I feel like somewhere in this art of tautology lies a very specific type of torture technique...

Saturday, January 27, 2007


Borders 0, Tyra Banks and other nonsense

I was just at my favorite bookstore. Ground ZERO Borders - by this I mean the first Borders ever - right around the corner from my apartment in Ann Arbor.
My uncle has gotten me and Esha[sister] gift certificates for undisclosed amounts.
Knowing his frugal nature we think... $10 ...
I'm going in there thinking I really want to buy, "The Inheritence of Loss", this year's Booker Prize winning, fellow-desi-supporting, serious read. But then, one gets bored of stuffy old Indian novels about colonial-complexes.
That stays on the shelf.
I buy a book called "YOU" a user's manual for your body. I bought an "Owner's manual for the brain once." I loved it.
Then as I go near the checkout counter I see, People Magazine with an airbrushed image of Tyra Banks on the cover. "Do you call this fat?" it says next to Tyra wearing a red bathing suit.

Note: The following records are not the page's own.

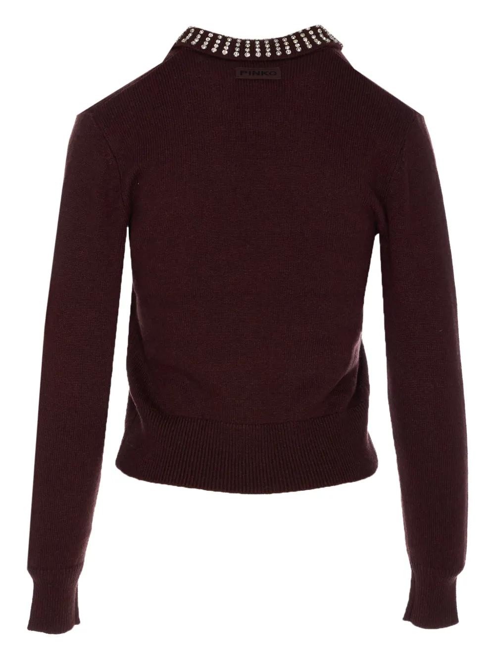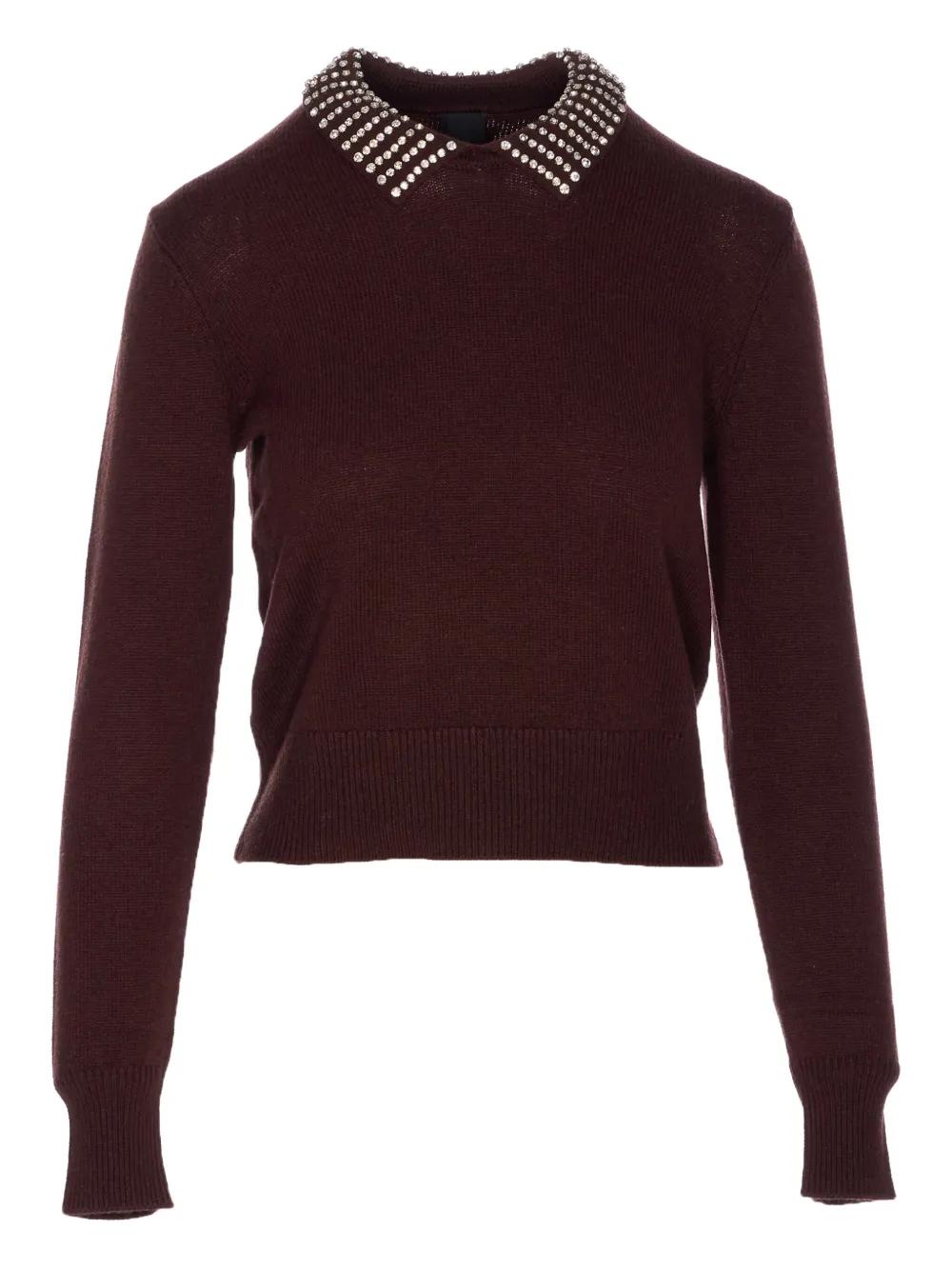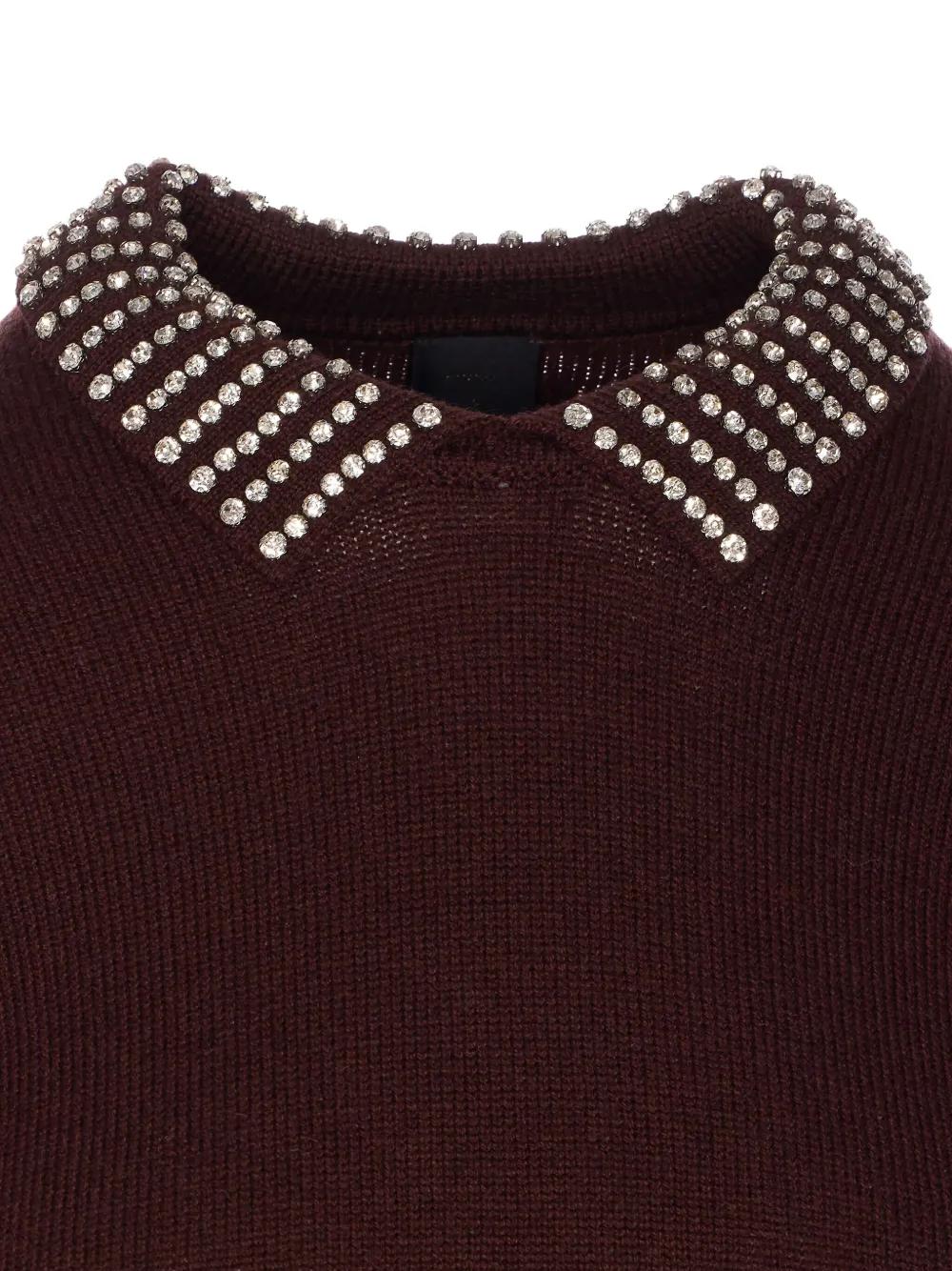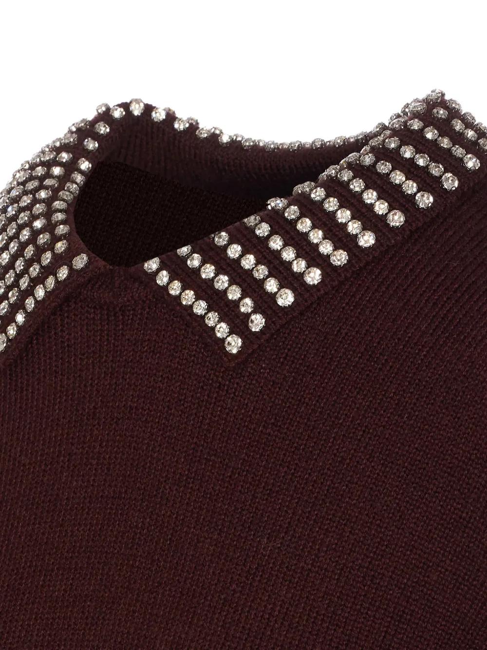 brown crystal embellishments crew neck long sleeves ribbed hem knit texture
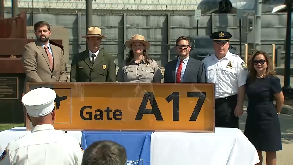 NEWARK, New Jersey (WABC) -- There was a moment of sadness and reflection on Friday morning at Newark Liberty International Airport where the Port Authority transferred a sign with indelible ties to 9/11 to the National Park Service.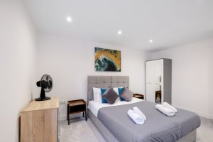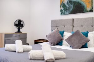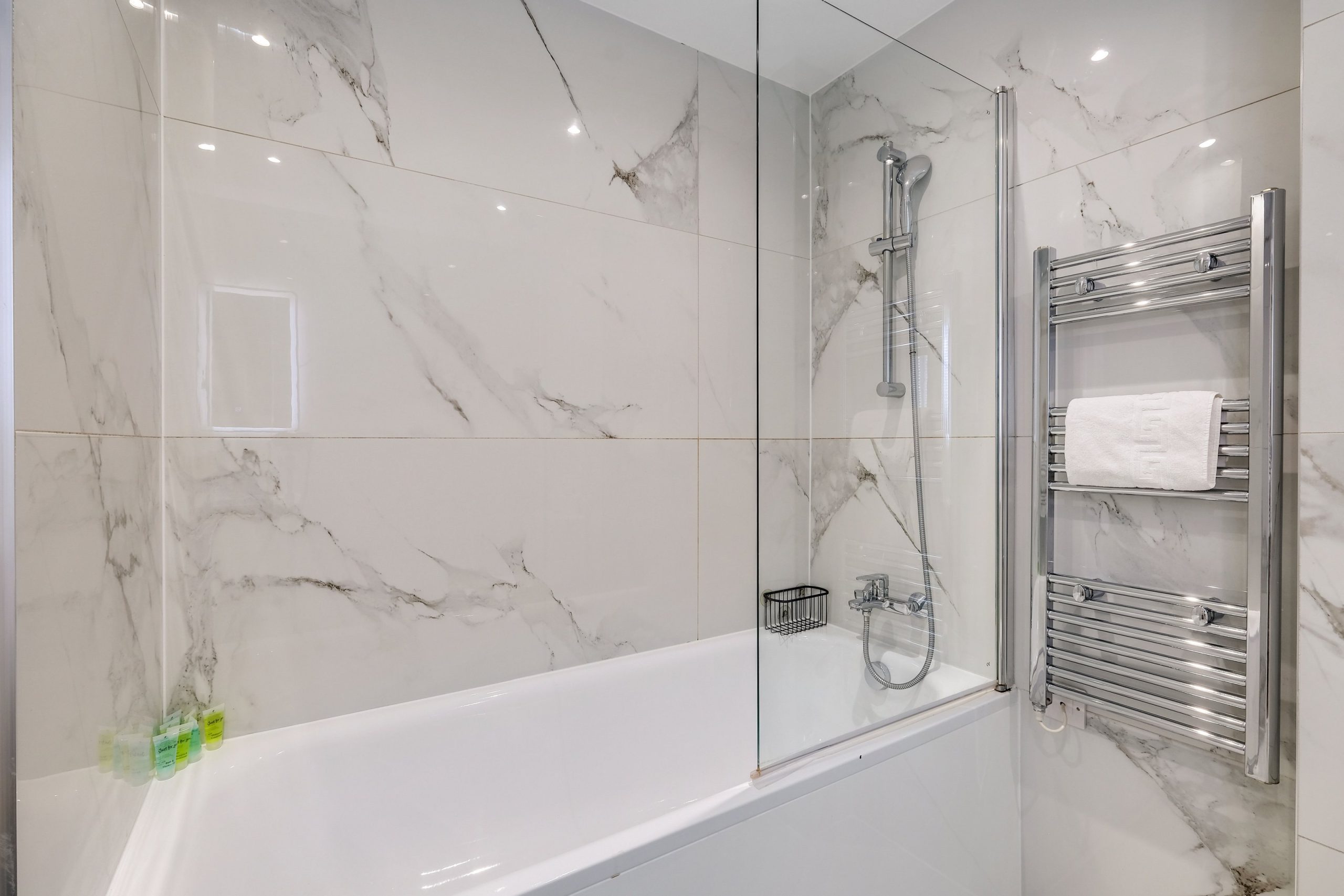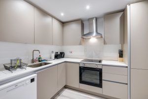 Newly refurbished 1 bedroom apartment with a light and spacious feel, the fully equipped kitchen, lounge, and dining area with a four seater dining table will guarantee you a comfortable stay, with Smart TV and free Wi-Fi. The meticulously designed one bedroom presents a king size bed where you can kick back relax and enjoy a well-deserved restful night’s sleep after a long day. This modern apartment also includes a family bathroom with a bath and a shower over. The kitchen is fully equipped with all the utensils you require to make a meal or a snack along with a washing machine and dishwasher. The roof terrace garden has a spacious relaxing area ideal for you to enjoy in the summer months.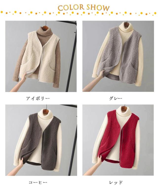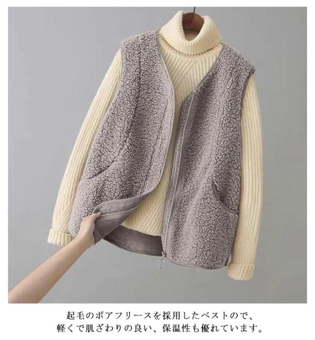 アウター ボア フリースベスト 春 ジレ ボアベスト 秋 重ね着 ベスト ボアジャケット レディース ボアベスト 冬 ノースリーブ 前開き ジャケット 大きいサイズ 無地 防寒 暖かい 羽織り ふわふわ もこもこ ジップアップ
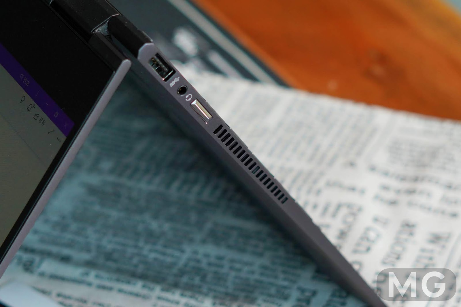 반면 송풍구의 온도는 45도까지 올라갔습니다. 좌측에만 위치해서 노트북 모드로 사용할 때는 손이 갈 일이 거의 없죠. 하지만 태블릿 모드로 사용할 때는 손이 닿기 쉬우니까 주의가 필요할 것 같습니다.
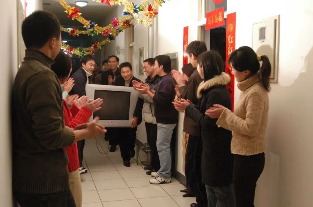 2005年除夕校领导李秀生、吴小林与留校学生在润杰宿舍包饺子。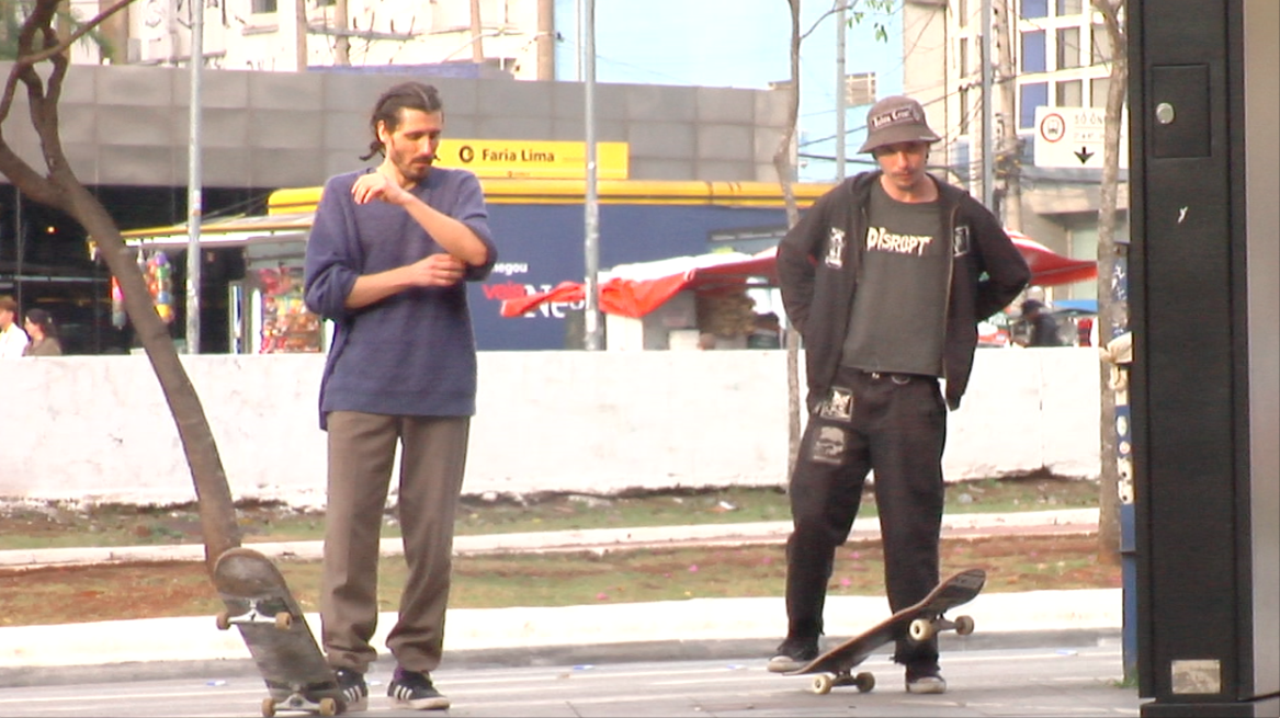 Outra coisa que rolou foi colocar uma brincadeira de “mesma trick, mesmo spot, mesmo ângulo”, com dois skatistas no mesmo vídeo, do Trakinas e o Renato Segato, um bigspin na Avenida Angélica.
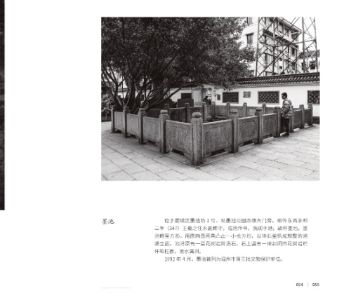 墨池 位于鹿城区墨池坊 1 号,现墨池公园西侧大门旁。相传东晋永和 三年(347)王羲之任永嘉郡守,临池作书,洗砚于池,故称墨池。墨 池略呈方形,南面向西南角凸出一小长方形,以块石垒筑成规整的池 塘立面,池沿原有一层花岗岩阶沿石,石上竖有一排封闭的花岗岩栏 杆和栏板,池水清冽。 1992 年 4 月,墨池被列为温州市第三批文物保护单位。 054 055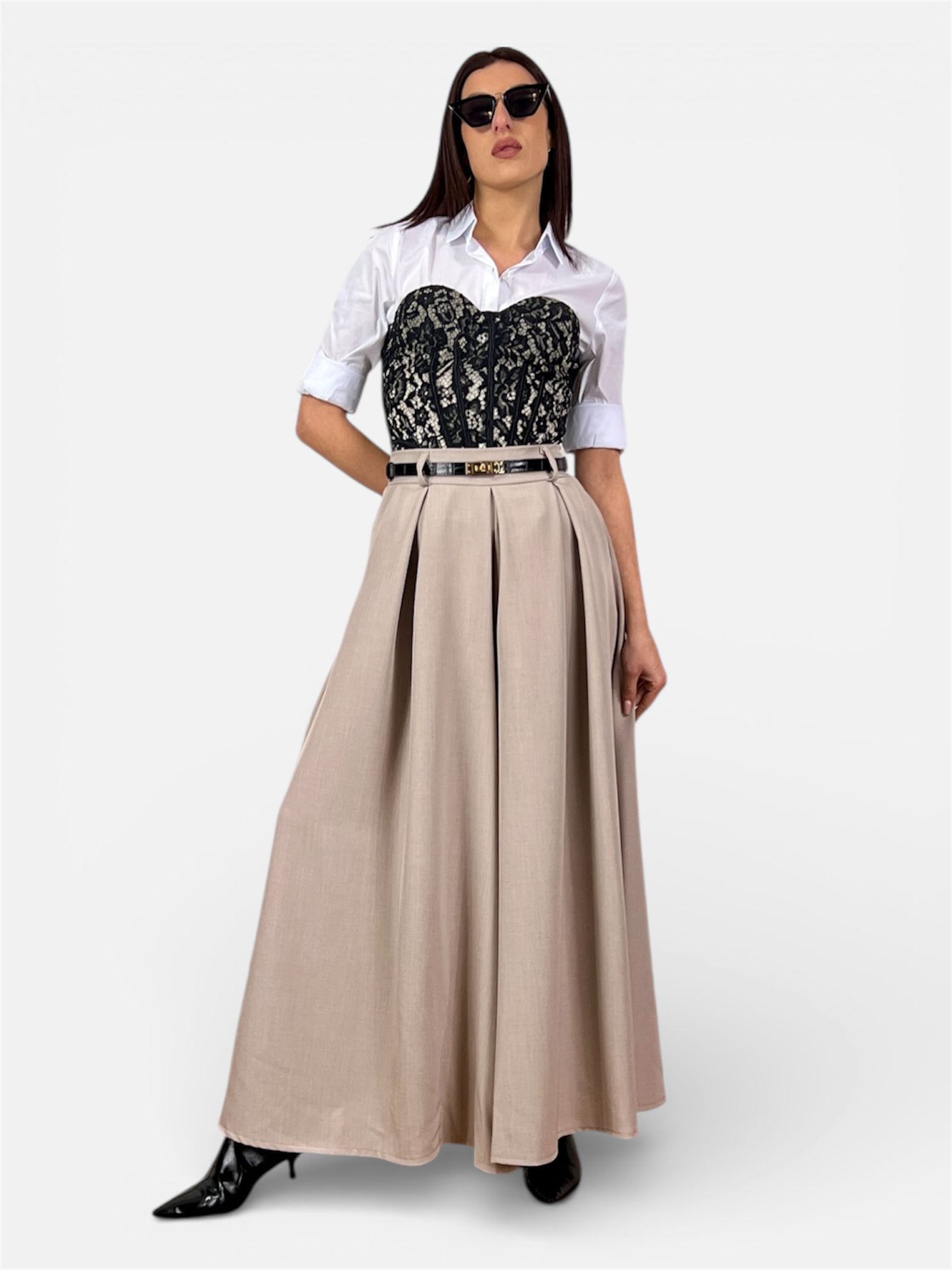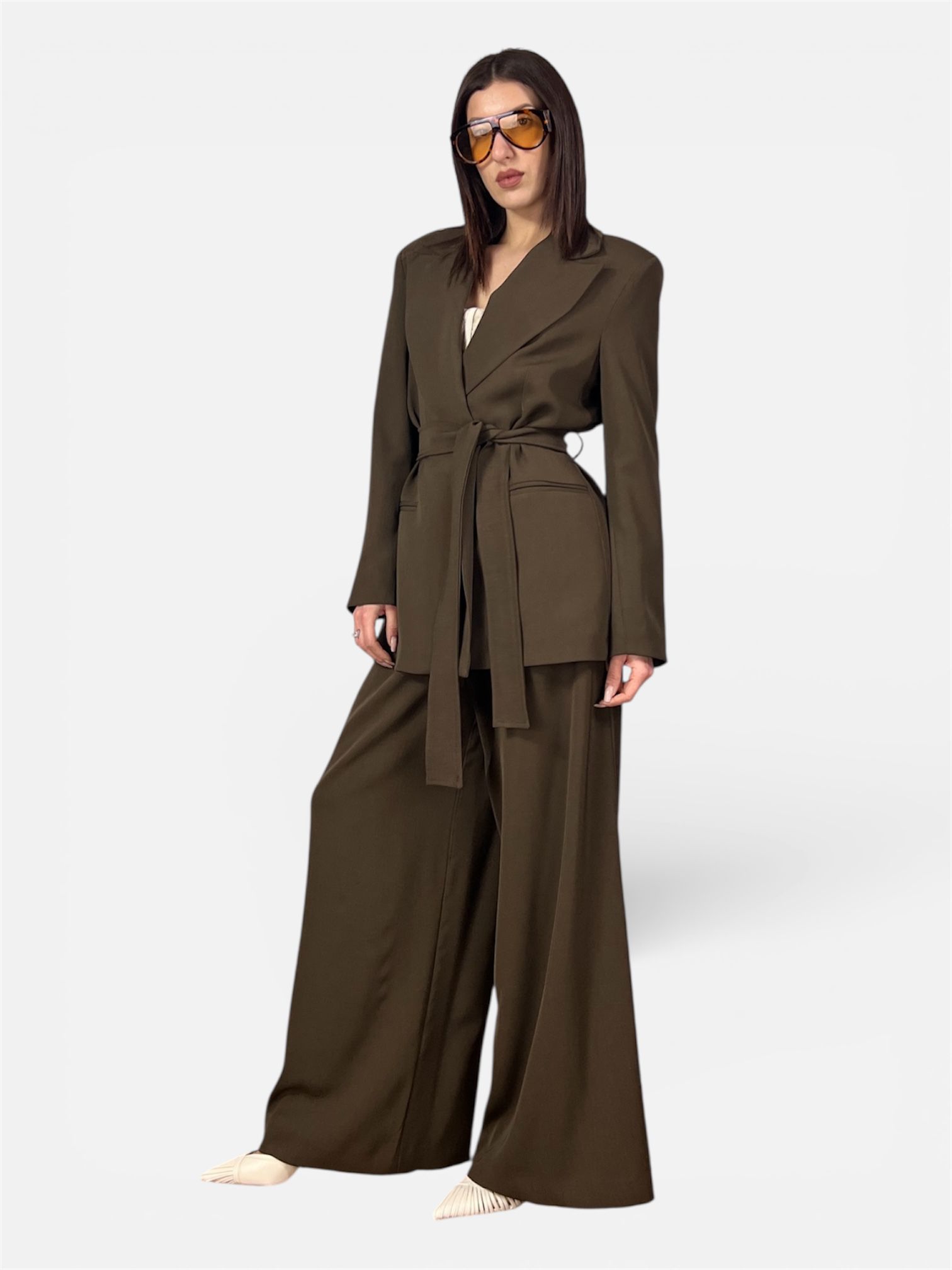 I completi di stagione si distinguono per linee fluide e sofisticate, dove il tailoring incontra una nuova idea di femminilità rilassata. Protagonisti i blazer con cintura, che valorizzano il punto vita e ridisegnano la silhouette in modo elegante e contemporaneo, trasformando il classico completo in un look più dinamico e attuale.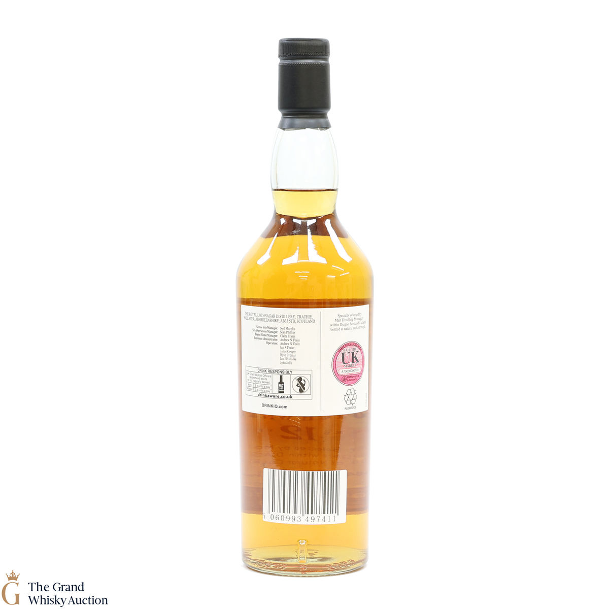 Due to the various ages of bottles and their seals, the condition of liquid is at the buyer's discretion and no claim can be lodged against failure/leakage in transit. Loss and breakage cover is available at 3% of the hammer price as standard. If the lot is not insured, no claim can be lodged against the courier or The Grand Whisky Auction for breakage or loss in transit.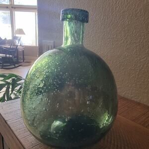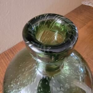 This vintage handblown glass vase features a rich olive-green color with a rounded demijohn-style form. Standing approximately 9 inches tall with a 7-inch wide bulbous body and a 2-inch mouth opening, the vase is beautifully proportioned for display or use as a decorative vessel. The glass contains natural bubble inclusions throughout, a hallmark of traditional handblown techniques that adds character and texture to the piece. Its narrow neck and rounded body make it perfect for displaying single stems, dried flowers, or as a standalone sculptural accent. The pontil scar at the base indicates handcrafting, further enhancing its authenticity as a vintage piece. With its organic charm and timeless simplicity, this vase suits interiors from rustic farmhouse to mid-century modern and minimalist. In excellent vintage condition with light wear consistent with age, this piece is both collectible and versatile, adding a touch of artisan glassmaking to any space.

I don't really call her fat, but I call her a damn hypocrite!
Why is it that Tyra was completely fine with the shallow people of the world giving her superficial attention for about the last 15 years? Why is she throwing a hissy fit now?
Does she think she got on the cover of Sports Illustrated for her cellulite? Or maybe it was her brains? She was fine with people's obsession with thinness and appearance to the point of making millions of dollars off of it for years, but now that those same people call her "fat" she can't understand it. Come off it! As the biggest proponent of American Models, you need to thank people for noticing how you look.


Trials and tribulations

Hi I'm Smita.
This blog may be about
0. my opinions on everything I hear called "head chatter" or "thalaharte" in my native language
[incidentally thats meant as an insult]
1. my two lives, I'll call them "smeeee" and "taaah"
[by the way my name is pronouced [smi-taaaa]
10. how they hate each other when they come together
[unlike yin and yang]
11. my attempts at being a scholar and life as a 5th year graduate student
[more drama than one would think]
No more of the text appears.